Here, under section 29 of the Workmen’s Compensation Law, the cause of action against the defendant has been assigned by operation law to the plaintiff who is entitled to a sum equal to the total amount of compensation awarded to the injured employee, plus the expenses for medical treatment paid by it, plus reasonable and necessary expenditures incurred in effecting a recovery, plus one third of the excess, but two thirds of the excess shall be forthwith paid to the injured employee. Such an extraordinary cause of action calls for extraordinary pleadings, practice and evidence to afford adequate protection to all concerned.
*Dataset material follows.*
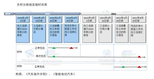 根據(jù)雙積分政策的實施時間表,雖然該政策的生效時間是2018年4月1日,但因為政策要求從2019年度開始才設(shè)定新能源汽車的積分比例要求(10%)。而正常情況下,積分考核又是建立在上一年積分核算統(tǒng)計的基礎(chǔ)上進(jìn)行的,因此,對于2019年的新能源積分考核,實際要等到2020年的6月30日工信部等五部門聯(lián)合發(fā)布經(jīng)核實的2019年積分核算情況報告后才開始。2019年積分核算情況報告發(fā)布后的60天內(nèi),有負(fù)積分的企業(yè)就需要完成積分的交易了。

As to the injured employee, justice would be best served by allowing his interest to be alleged in the complaint; allowing counsel on both sides to comment upon his interest in their openings and summations; allowing counsel to question the injured employee about his interest in direct and cross-examination; allowing the court to charge the jury upon the law affecting his interest; allowing the injured employee to have legal counsel of his own choosing to advise him of Ms rights and duties during the entire litigation, as amicus curia, or otherwise; so long as no prejudice shall result to the main portion of the cause of action in the sound, judicial discretion of the trial court.

Instructions to the jury alone are insufficient, and merely delay to the end of the trial what the jury should know from *576the beginning. Truth and justicé are so irrevocably commingled that to stifle one is to destroy the other. Nothing less will suffice.

Nevertheless, since the court’s discretion is nullified by stare decisis in this case, the motion shall be granted.

Motion granted. Prepare and submit order accordingly.